Process new meta tag scans
Closed this issue · 3 comments
gbinal commented
gbinal commented
Stats:
- 28624 Target URLs
- 15,133 are live.
- There are 1,006 tags detected on the other 13,491 non-Live Target URLs
Compare the lower table against these, the numbers for current tag scans...

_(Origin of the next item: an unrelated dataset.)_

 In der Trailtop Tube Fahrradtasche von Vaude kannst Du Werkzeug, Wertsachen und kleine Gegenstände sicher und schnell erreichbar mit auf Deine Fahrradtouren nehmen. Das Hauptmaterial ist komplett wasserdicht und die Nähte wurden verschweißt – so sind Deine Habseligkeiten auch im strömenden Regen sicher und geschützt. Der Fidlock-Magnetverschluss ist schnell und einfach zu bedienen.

Field | Number of the 15031 sites that have a value for it | % |
---|---|---|
title | 14466 | 96.24% |
description | 4615 | 30.70% |
og_title | 3854 | 25.64% |
og_description | 3018 | 20.08% |
og_article_published | 260 | 1.73% |
og_article_modified | 683 | 4.54% |
canonical_link | 4677 | 31.12% |
viewport_meta_tag | 10929 | 72.71% |
main_element_present | 5383 | 35.81% |
[Legend for below: *=search.gov recommended; +=civichackingagency recommended; ^=open graph; ~=dublincore; #=schema.org
Tag | Number of the 15133 sites that use it | % |
---|---|---|
meta_keywords_content* | 1733 | 11.45% |
meta_robots_content*+ | 2702 | 17.86% |
meta_article_section_content*^ | 0 | 0.00% |
meta_article_tag_content*^ | 3 | 0.02% |
og_image_final_url*+^ | 3198 | 21.13% |
dcterms_keywords_content*~ | 0 | 0.00% |
dc_subject_content*~ | 41 | 0.27% |
dcterms_subject_content*~ | 369 | 2.44% |
dcterms_audience_content*~ | 48 | 0.32% |
dc_type_content*~ | 41 | 0.27% |
dcterms_type_content*~ | 507 | 3.35% |
dc_date_content*~ | 4 | 0.03% |
dc_date_created_content*~ | 21 | 0.14% |
dcterms_created_content*~ | 297 | 1.96% |
og_locale_content+ | 1293 | 8.54% |
og_site_name_content+ | 2962 | 19.57% |
og_type_content+ | 3094 | 20.45% |
og_url_content+ | 3483 | 23.02% |
og_image_alt_content+ | 690 | 4.56% |
revised_content | 11 | 0.07% |
last_modified_content | 32 | 0.21% |
language_content | 205 | 1.35% |
date_content | 16 | 0.11% |
subject_content | 64 | 0.42% |
owner_content | 26 | 0.17% |
pagename_content | 0 | 0.00% |
dc_title_content~ | 158 | 1.04% |
og_site_name^ | 29 | 0.19% |
item_type_content# | 682 | 4.51% |
item_scope_content# | 176 | 1.16% |
item_prop_content# | 859 | 5.68% |
vocab_content# | 8 | 0.05% |
type_of_content# | 969 | 6.40% |
property_content# | 4979 | 32.90% |
context_content# | 31 | 0.20% |
type_content# | 12271 | 81.09% |
html_lang_content | 12181 | 80.49% |
href_lang_content | 775 | 5.12% |
me_content | 0 | 0.00% |
gbinal commented
Here's our proposal of what to keep, what to not keep, and why.
Keep:
- <meta name='keywords' - Decent adoption and useful content indicators
- <meta property="og:image" - Important component of OG implementation
- <meta property="og:type" - Important component of OG implementation
- <meta property="og:url" - Important component of OG implementation
<html lang=
- Important data for multilingual content analysis<link hreflang=
- Important data for multilingual content analysis
Don't keep:
- <meta name="robots" - Content isn't currently actionable and if we wanted to pursue it, we should first do more with the robots.txt
- <meta name="article:section" - Low adoption by agencies
- <meta name="article:tag" - Low adoption by agencies
- <meta name="dcterms.keywords" - Low adoption by agencies
- <meta name="dc.subject" - Low adoption by agencies
- <meta name="dcterms.subject" - Low adoption by agencies
- <meta name="dcterms.audience" - Low adoption by agencies
- <meta name="dc.type" - Low adoption by agencies
- <meta name="dcterms.type" - Low adoption by agencies
- <meta name="dc.date" - Low adoption by agencies
- <meta name="dc.date.created" - Low adoption by agencies
- <meta name="dcterms.created" - Low adoption by agencies
- <meta property="og:locale" - Decent adoption but almost universally just an indicator of EN or EN_US. Only 4 records are otherwise.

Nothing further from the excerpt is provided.